By Victoria Houghton, assistant managing editor, September 01, 2015
Dermatology World: Tell me about your practice how many physicians and non-physician clinicians (NPCs) do you have?
Dr. Pariser: Right now we have 11 dermatologists and seven non-physician clinicians throughout seven locations. Our NPCs include both nurse practitioners (NPs) and physician assistants (PAs). We do not make any distinction between the two in terms of the way we schedule, train, or supervise them even though there are legal distinctions. For purposes of working within the dermatology practice, we supervise them both the same and follow the AAD’s guidelines [The Practice of Dermatology: Protecting and Preserving Patient Safety and Quality Care position statement] on training and supervision of non-physician clinicians.
Dermatology World: Who handles the scheduling of NPCs in your practice?
Dr. Pariser: All of our scheduling is done centrally. We have 13 people who just answer our telephones and schedule appointments. They’re supervised by a manager. We see 120,000 patient visits in a year, so there’s no one person doing it.
Dermatology World: What is your basic guiding principle for scheduling NPCs?
Dr. Pariser: We do not schedule an NPC to be at an office location where a physician is not present. Under exceptional circumstances, there may be some times when it does happen that a physician is not present the doctor is out for some reason or there’s a last-minute change in the schedule. In that case, we have protocols on how these NPCs are supposed to handle cases. If a patient has an acute problem, the patient is referred to one of our other offices or they’re asked to come back the next day to see the doctor. The reason we always want to be on site is so that the NPC can call us in if needed. I train them all myself before they see any patients and make sure they know that I don’t care how busy I am. If you need me, I’m never going to be upset with you for calling me.
Dermatology World: How do you manage the scheduling of NPCs for new patients?
Dr. Pariser: In general, our policy is to have all new patients seen by the doctor. That happens most of the time but I can’t tell you that this happens all of the time. If a patient, for example, has a common and self-diagnosable problem such as acne, they may see the NPC on the first visit. If someone is coming in for rash or if they are referred from another physician for some other problem, then they will see the doctor.
Dermatology World: How do you manage the scheduling of NPCs for existing patients?
Dr. Pariser: If a patient who I have seen is calling to make a follow-up appointment, and I want them to see the PA or NP for the follow up, I will indicate that. Sometimes patients who have seen the NP or PA will make an appointment directly to see that person. That’s okay, as long as that patient is supervised by the physician. For example, suppose we have a male physician and a female PA and the patient is a woman and wants to see a female provider. They might be scheduled with the PA.[pagebreak]
Dermatology World: How is the handoff from physician to NPC handled?
Dr. Pariser: It doesn’t happen the same way all the time. Usually I say, for example, “Here’s the treatment I’m going to start you with. When you come back you will see one of my assistants, and if needed I will be glad to see you.” We also have a policy that every third or fourth visit, no matter what the patient is being seen for, the doctor has to look at them.
Dermatology World: When matching patients to specific NPCs, what criteria do you use?
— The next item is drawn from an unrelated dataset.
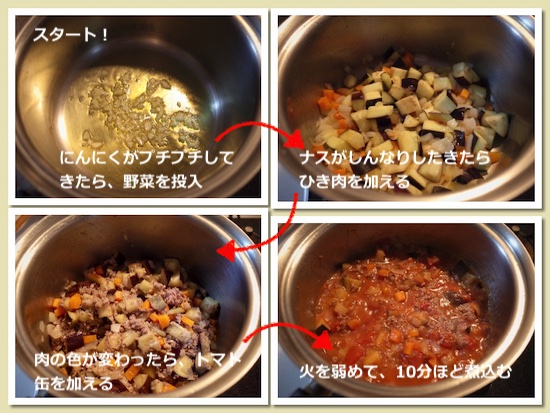 - ナスは1センチくらいのさいの目に、玉ねぎ、人参とにんにくはみじん切りにする。

Dr. Pariser: They’re all created equally, but they do have different experience levels. Some are more interested in procedural and surgical cases. Some are more interested in cosmetic cases and some are more interested in medical cases. We do make some attempt to try match that up but with as many as 1,700 phone calls a day, sometimes it’s not matched up that precisely.
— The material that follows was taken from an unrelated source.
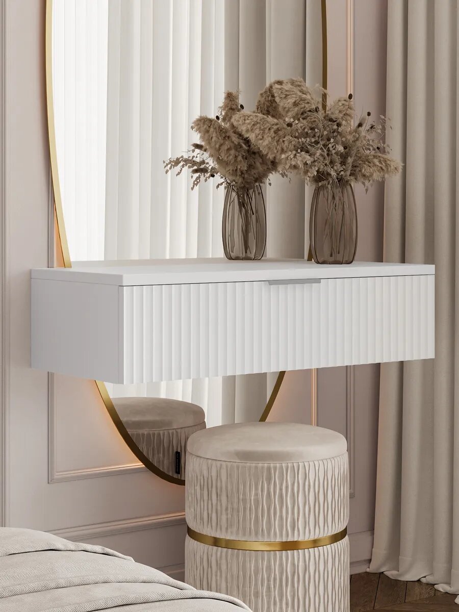 Подвесной туалетный столик из ЛДСП и МДФ в отделке под дуб — компактный, но очень продуманный. Выдвижные ящики, вся необходимая фурнитура в комплекте, крепление к стене — ничего докупать не нужно. Узкий силуэт не «съедает» пространство, а создаёт полноценное рабочее место.

Dermatology World: How does the practice make an appointment with an NPC attractive to patients?
Dr. Pariser: There are surprisingly few patients who get upset by being seen by an NPC. However, anybody who expresses any reservations whatsoever is seen exclusively by the doctor. We are very careful to have truth in labeling the patients who see a non-physician clinician are clearly informed that that’s what they are and that they’re not a physician. They’ve been trained for specific diagnostic abilities and tasks in dermatology and we the doctors stand behind that training.
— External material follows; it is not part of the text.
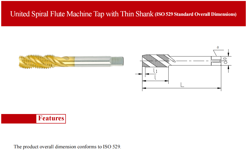 PRODUCT current location:Home > PRODUCT > United Spiral Flute Machine Tap with Thin Shank (ISO529 Standard Overall Dimensions)
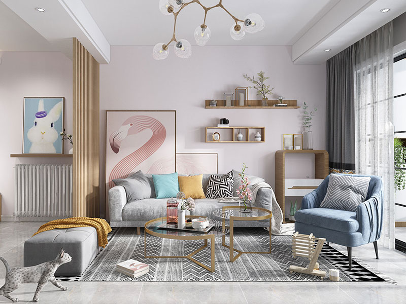 本案是平层户型,定位于北欧风格,设计简洁实用,用简单的线条和色块装饰美化空间,而家具自然简约、人性化,追求一种宁静、淡雅的生活氛围感。

Dermatology World: The Academy just launched the DermCare Team an initiative that provides professional development resources for dermatology physician assistants, medical assistants, nurse practitioners, and registered nurses. What role do NPCs play in the dermatology practice?
Dr. Pariser: An NPC allows the dermatologist to have much more freedom to do what he or she does best, and that is to treat patients and make diagnoses and not be so much involved in the routine provision of simple procedures. That time can be used to see new patients with new problems, or new problems in old patients. Also, the NPC can spend more time on patient education. One of the major patient complaints these days is that they don’t get enough time with their provider. It’s a way to really extend the reach of the physician. Also, having an NPC really increases the dermatologist’s quality of life and practice. They can provide more care to more patients, and in some cases better care in that the patients will get more face time and education, and will perhaps be more reliable with their treatments if they’re better explained to them.
David Pariser, MD, is in private practice at Pariser Dermatology Specialists in Norfolk, Virginia. He serves as chair of the Dermatology Care Team Implementation Workgroup and the Corporate Relations Task Force.